Да, ей было тепло, и сердце так сильно колотилось! Но что ж тут удивительного? Сегодня день, о котором она столько лет мечтала, — день, когда она увидит Эйвинна; ибо приезжий оратор, о котором шла такая слава, был он! Мария нисколько не сомневалась в этом. Что произойдет, когда они окажутся лицом к лицу, об этом она не думала, она знала лишь — этот день решит ее судьбу. Каким-то странно нереальным представлялось ей все — Йенс, Карен, Арне, который стоял между ними и держал в руках свободный конец вожжей, и даже природа вокруг. У нее было такое чувство, словно все это не имеет к ней прямого отношения, словно она случайно попала сюда, приехала в гости или что-нибудь в этом роде, и ей нужно спешить домой, а домой — значит в Норвегию! И она стала тихо напевать песню на слова Бьёрнсона:
О если б, если б я могла
взглянуть, что там, за грядой высоких гор...
Но как только остальные стали подпевать, она внезапно умолкла.
На дороге сегодня царило оживление. Андерс Нэррегор, как обычно, пригласил пастора Вро с женой; они уютно сидели вчетвером в фаэтоне, а впереди, на козлах, кучер в фуражке с козырьком. Мария поймала себя на чувстве зависти. Когда поднимались на холм над фьордом, они увидели Сине Термансен с мужем, спускавшихся из своего старого хутора в долину; далее — учитель Хольст со своей бойкой Ловизой; несмотря на принадлежность к государственной церкви, они заперли школу и тоже отправились в Фьордбю. Хольсты, фермер с фермершей и заведующий кооперативом взяли напрокат пароконный фургон у кузнеца Даля.
— Желаю тоже поехать туда и собственными ушами услышать вашего пророка, — сказал кузнец. — Но я поеду с автомобиле; если кто хочет со мной, пожалуйста.
Ни у кого, однако, не было желания принять подобное приглашение. То ли автомобиль, то ли сам кузнец отпугивали жителей Эстер-Вестера.
Дорога вилась среди холмов; слева, у подножия их, тянулась лента фьорда, а там, за ним, все шире и шире открывался морской простор. С проселочных дорог на шоссе вливалось множество повозок, двуколок, бричек, и оно было подобно потоку, вбиравшему в себя все эти маленькие ручьи.
— Пожалуй, трудно будет найти место для лошадей, — сказал старый Эббе. — Сегодня в Фьордбю большой день.
Он был горд этим. Со времени своей юности он не видел такого множества крестьян, устремляющихся на собрание. Но в ту пору, когда его единомышленники и друзья съезжались на многолюдные встречи, было все же по-иному: каждый привозил с собой что мог, устраивались общие трапезы, никого не спрашивали ни об его происхождении, ни о богатстве. Нынче же каждый обязан докладывать, кто и что он; бедняку даже здесь отведено свое место, поэтому он и не шел сюда, — он избрал себе других богов.
И где только уставится это множество выездов?
— Для нашего фаэтона я обеспечил место, — сказал Йенс Воруп, вполоборота взглянув на старика.

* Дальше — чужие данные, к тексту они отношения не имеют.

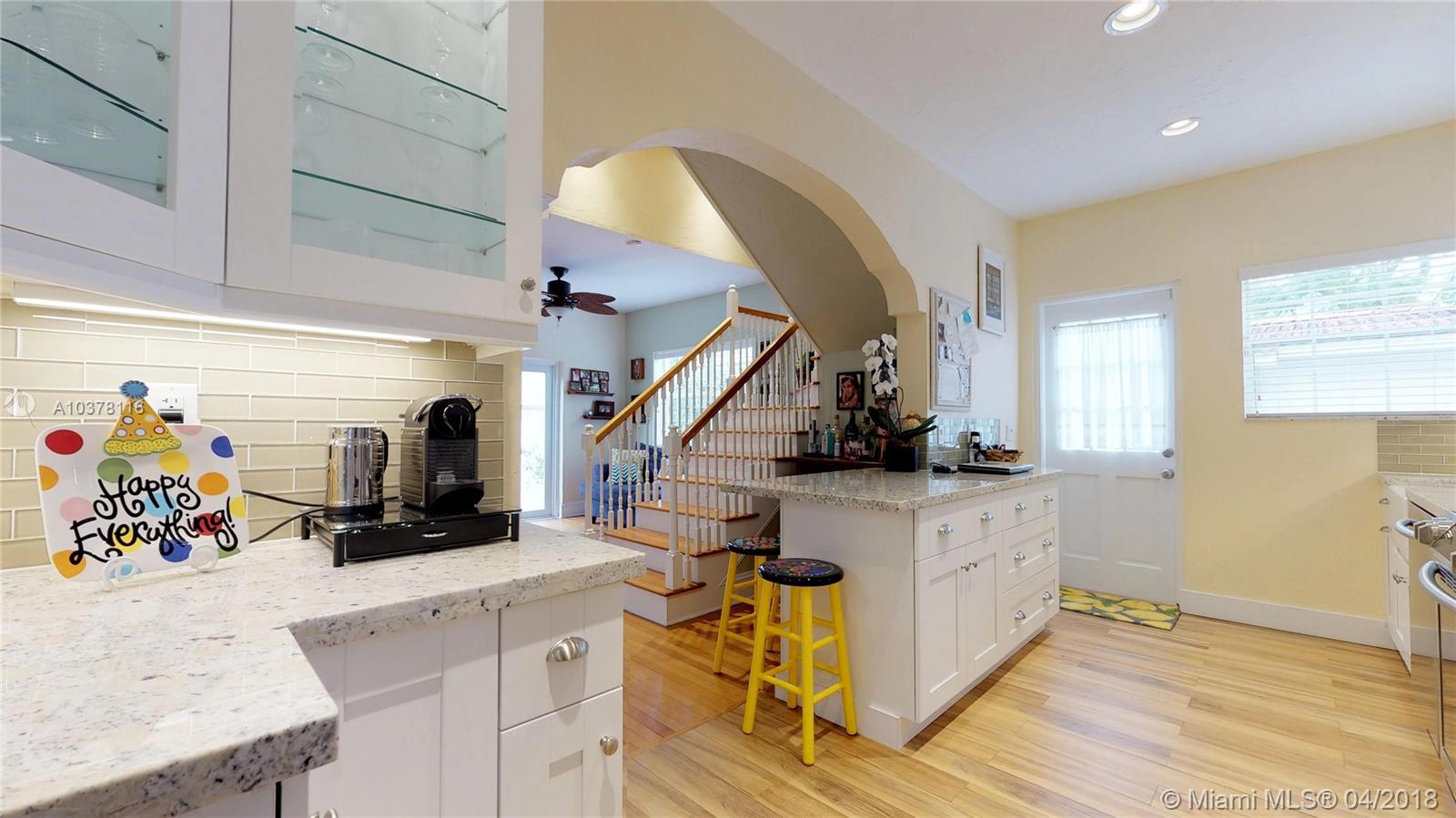 Beautiful old Spanish two story home on quiet street in the heart of Coral Gables. Home features 4 bedrooms, 3 baths, charming fireplace, wood floor, updated kitchen w/ granite, SS appliances, and contemporary finishes. Master bedroom has a private balcony overlooking a tree-lined street. Lovely backyard has built-in grill, perfect for entertaining family and friends & room for a pool. Located within A+ school district, centrally located near Gables restaurants, shopping & entertainment.

— Ну, за тебя я не беспокоюсь! — Старик рассмеялся. Дом Высшей народной школы, превратившийся ныне в современного типа отель, да еще самый аристократический в городе, постоялые дворы и обычные гостиницы, даже миссионерский дом — все это до того было переполнено всевозможного типа выездами, что яблоку упасть негде было. Во всех номерах и коридорах гостиниц толпились люди; маленькие семейные стайки во главе с отцом семейства двигались скопом, то и дело теряли друг друга и вновь встречались. Повсюду пили кофе, курили, жевали захваченные из дому бутерброды, — и вдруг все разом встали и пошли. До начала было еще далеко, но кто-то отодвинул от себя чашку с кофе, почему-то встал — и тут всем сразу пришла в голову мысль, что, вероятно, в зале нехватит. Свойственной сельским жителям походкой, слегка наклонившись торсом вперед, шли массы людей по улицам города, устремляясь к зданию, где помещался зал собраний.
Когда пришел Йенс Воруп со своими, все места до одного были заняты. В партере и на ярусах теснились люди, скамьи убирались через окна, чтобы вместилось побольше народу.
Йенса Ворупа выбрали председателем собрания, да и помимо того, ему и его семье отвели места в первом ряду. Но пробраться вперед сквозь эту толпу людей нечего было и думать, поэтому Йенс повел своих через маленькую боковую дверь, находившуюся на противоположной стороне дома. И внезапно вое они очутились в зале возле первого ряда стульев, перед большой ораторской трибуной.
В первых рядах сидели иногородние гости, в большинстве прибывшие издалека, чтобы послушать священника-импровизатора. Это были директоры высших народных школ, представители состоятельных слоев, жители столицы, сочувствующие грундтвигианскому движению, седовласые священники, похожие друг на друга, как братья, и все вместе — на старого Эббе.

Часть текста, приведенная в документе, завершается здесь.